WHAT IS BEING ASKED: Once you reach the line containing "a black background" in the entries below, write out that line and each one after it down to the line containing "Centranthus ruber 'Coccineus'", exactly and with nothing added.

EXTRACTED DATA:
******

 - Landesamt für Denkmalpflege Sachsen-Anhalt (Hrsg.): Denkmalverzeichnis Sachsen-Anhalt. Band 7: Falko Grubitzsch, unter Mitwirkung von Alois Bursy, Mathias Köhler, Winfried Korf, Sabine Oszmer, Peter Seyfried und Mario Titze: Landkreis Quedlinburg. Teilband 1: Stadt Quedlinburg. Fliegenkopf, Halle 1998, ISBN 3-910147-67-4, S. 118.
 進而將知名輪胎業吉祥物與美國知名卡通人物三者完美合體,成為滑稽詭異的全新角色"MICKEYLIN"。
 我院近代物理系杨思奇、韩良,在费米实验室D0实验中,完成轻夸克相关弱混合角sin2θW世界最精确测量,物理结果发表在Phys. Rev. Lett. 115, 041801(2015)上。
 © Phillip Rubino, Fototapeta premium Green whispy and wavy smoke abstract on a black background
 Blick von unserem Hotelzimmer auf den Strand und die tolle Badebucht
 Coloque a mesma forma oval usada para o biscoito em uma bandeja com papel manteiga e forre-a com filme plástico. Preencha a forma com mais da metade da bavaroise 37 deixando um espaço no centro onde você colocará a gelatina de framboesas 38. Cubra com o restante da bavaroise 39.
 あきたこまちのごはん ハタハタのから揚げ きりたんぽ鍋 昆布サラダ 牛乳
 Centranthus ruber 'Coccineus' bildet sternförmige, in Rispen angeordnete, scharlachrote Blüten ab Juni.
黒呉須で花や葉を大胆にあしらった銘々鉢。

******

TASK ANSWER:
 © Phillip Rubino, Fototapeta premium Green whispy and wavy smoke abstract on a black background
 Blick von unserem Hotelzimmer auf den Strand und die tolle Badebucht
 Coloque a mesma forma oval usada para o biscoito em uma bandeja com papel manteiga e forre-a com filme plástico. Preencha a forma com mais da metade da bavaroise 37 deixando um espaço no centro onde você colocará a gelatina de framboesas 38. Cubra com o restante da bavaroise 39.
 あきたこまちのごはん ハタハタのから揚げ きりたんぽ鍋 昆布サラダ 牛乳
 Centranthus ruber 'Coccineus' bildet sternförmige, in Rispen angeordnete, scharlachrote Blüten ab Juni.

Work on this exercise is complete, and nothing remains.